WHAT TO WORK ON: Repeat all the lines below exactly, but omit the pictures.

SUPPLIED INFORMATION:
════
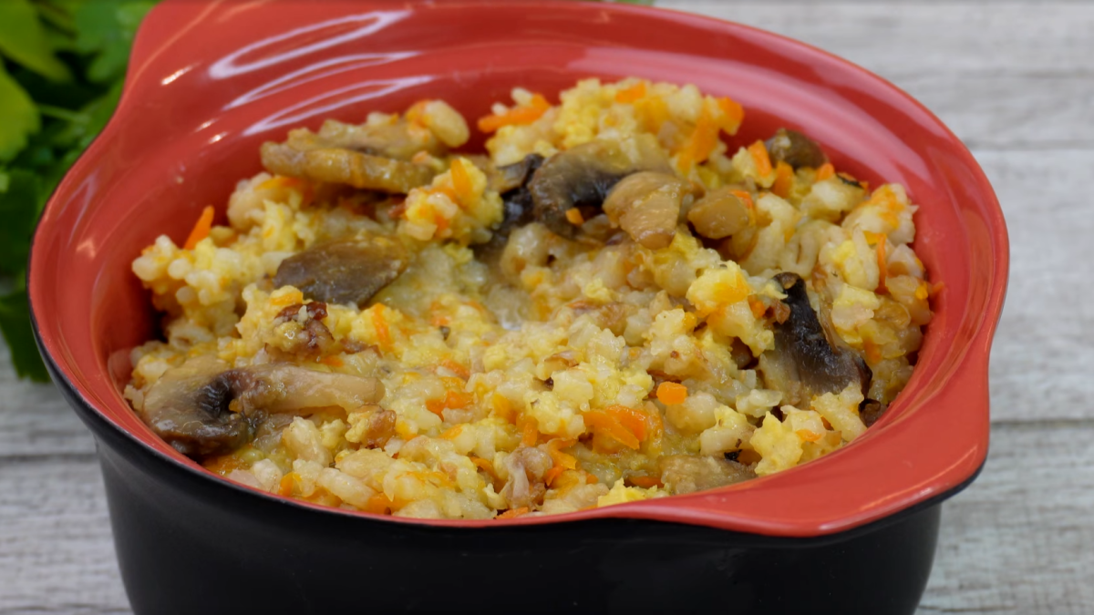 В рецепте нет мяса, молока или сливочного масла, но благодаря сочетанию грибов, овощей и круп каша получается насыщенной и сытной.
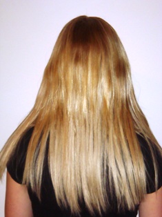 This client lives in Portland Oregon. We performed a 'Paul Brown' hair straightening system (because her hair had kinky curls). This is approximately a 4hr. procedure which involves using a flat iron on the hair to create the sleekest permanent style to the hair and adds incredible shine. Then after 72 hours we added the hair extensions.
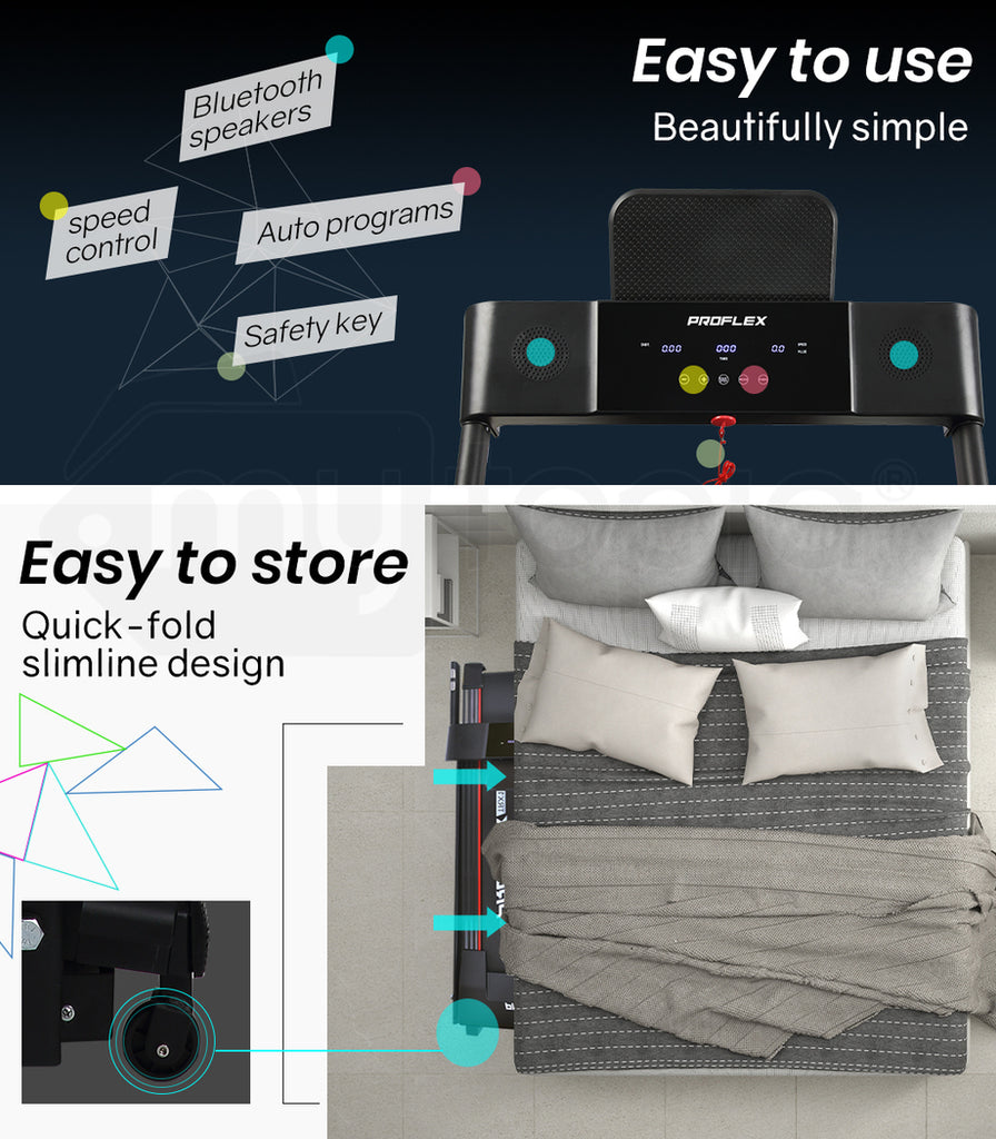 Proflex Treadmill Bluetooth Running Machine Foldable Small Compact Home Electric Treadmills
════
WRITTEN RESPONSE:
 В рецепте нет мяса, молока или сливочного масла, но благодаря сочетанию грибов, овощей и круп каша получается насыщенной и сытной.
 This client lives in Portland Oregon. We performed a 'Paul Brown' hair straightening system (because her hair had kinky curls). This is approximately a 4hr. procedure which involves using a flat iron on the hair to create the sleekest permanent style to the hair and adds incredible shine. Then after 72 hours we added the hair extensions.
 Proflex Treadmill Bluetooth Running Machine Foldable Small Compact Home Electric Treadmills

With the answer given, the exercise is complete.